Cairo: you can get up to 16MBPS for $90 p.m , mine is 4MBPS and I pay $50 p.m
Dubai: i have 8MBPS for $60 p.m

----------

Dave A (21-Mar-10)

----------


## Dave A

And that would be "as much as you can eat" deals? (As in - there isn't a monthly usage limit)

----------


## MarkH

> And that would be "as much as you can eat" deals? (As in - there isn't a monthly usage limit)


yes. but i'm sure i don't look like an alien here.. there are faster packages with unlimited bandwidth for cheaper prices (plus minus) are all over the place in Europe, America and the Middle East (these are the places I can talk about).. and ISPs are working all over the world to speed up the internet (e.g. Turkey is working on providing mobile phone users with 42MBPS connections, and US is considering offering 1GBPS connection for home users).. this is very similar in the revolutions in improving processing power, expanding memory, increasing storage, etc... this is why I do believe that cloud computing is the way to go SOON, of course people's ability to digest root changes varies, but that doesn't change the obvious facts/advantages of moving forward..

----------


## Dave A

Mark - up there in North Africa you're still way ahead of us in terms of both speed and pricing.

----------


## twinscythe12332

One of the questions you want to ask yourself when deciding to go onto a cloud is : is it really safe? storing a years-worth of financial data on the web is something you really have to look at versus keeping it on a local server. What happens if it gets hacked? A web hosting company is more likely to be attacked than a random server in the middle of nowhere. the same can be said for a cloud service company.

as for costs, well... that's an interesting point. it is true that you gain access to a server for cheaper, and that the hardware would be upgraded constantly... but at the end of the day, the only thing that is yours is the data... on someone else's hardware... in some remote location that you could never dream of reaching if something goes wrong...

----------


## MarkH

> One of the questions you want to ask yourself when deciding to go onto a cloud is : is it really safe? storing a years-worth of financial data on the web is something you really have to look at versus keeping it on a local server. What happens if it gets hacked? A web hosting company is more likely to be attacked than a random server in the middle of nowhere. the same can be said for a cloud service company.
> 
> as for costs, well... that's an interesting point. it is true that you gain access to a server for cheaper, and that the hardware would be upgraded constantly... but at the end of the day, the only thing that is yours is the data... on someone else's hardware... in some remote location that you could never dream of reaching if something goes wrong...

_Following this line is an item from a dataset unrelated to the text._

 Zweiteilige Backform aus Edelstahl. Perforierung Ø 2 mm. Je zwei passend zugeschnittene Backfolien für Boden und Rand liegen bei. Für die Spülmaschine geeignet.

thnx for the input, but i respectfully disagree on both points, security and data availability.

datacenters do hosting for living, hence they are equipped with the tools and skills to protect their assets.. this is all what they have (the data on the servers) and if they don't protect that they would go bankrupt next day.. on the other hand, individuals or small firms will not be safe just because they are small, any machine connected to the web has an IP address which can be scanned and found (no matter how many other servers are setting beside this machine).. this puts everybody at the same level of risk, however, individuals in most cases don't have the skills, tools and time to protect their IT infrastructure because they have their main core to focus on.. historically and statistically, the people who most of the time are affected seriously when a global attack happens are the small fish not the professional companies who have enough time to setup processes and procedures, train staff and ..... I think the point is clear.

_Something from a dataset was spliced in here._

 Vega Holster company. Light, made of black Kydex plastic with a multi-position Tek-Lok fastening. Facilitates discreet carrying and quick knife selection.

that also resembles the situation of keeping your money in the bank (a sort of cloud) or in the safe inside your wardrobe.. using the same logic, the bank is a more obvious target while your safe is in the middle of nowhere.. DO YOU keep a year worth of savings in your home safe just because you think it is safer than the bank!!!

Now to data availability, any trust worthy cloud service provider will give you the option to have local copies of your data on regular basis. Although I don't agree with your scenario, but assuming that the provider disappears, all what you loose is the data since the last backup.. which could easily easily happen when you save your data on your local server and it crashes suddenly. BEAR in mind that the likelihood of the server in the datacenter to crash is less due to the procedures of maintenance and the risk is less bcs of the local backup copies, offsite backup, redundancy, and business continuity precautions..

All in all, I keep saying that all of the time, all that is just a form of change resistance that will wither over time..

again, thnx for contributing to this thread..

----------


## Dave A

Perhaps not the best comparison in light of the GFM:



> DO YOU keep a year worth of savings in your home safe just because you think it is safer than the bank!!!


Depends - Lehmann Brothers should have been as safe as houses  :Stick Out Tongue: 

The security angle doesn't work either. You can blast away at my company intranet's external IP address on any port you like - the hardware firewall is going to reject any and all uninitiated external requests whereas an internet server *has* to accept uninitiated requests to function.

----------


## MarkH

> Perhaps not the best comparison in light of the GFM:
> 
> Depends - Lehmann Brothers should have been as safe as houses 
> 
> The security angle doesn't work either. You can blast away at my company intranet's external IP address on any port you like - the hardware firewall is going to reject any and all uninitiated external requests whereas an internet server *has* to accept uninitiated requests to function.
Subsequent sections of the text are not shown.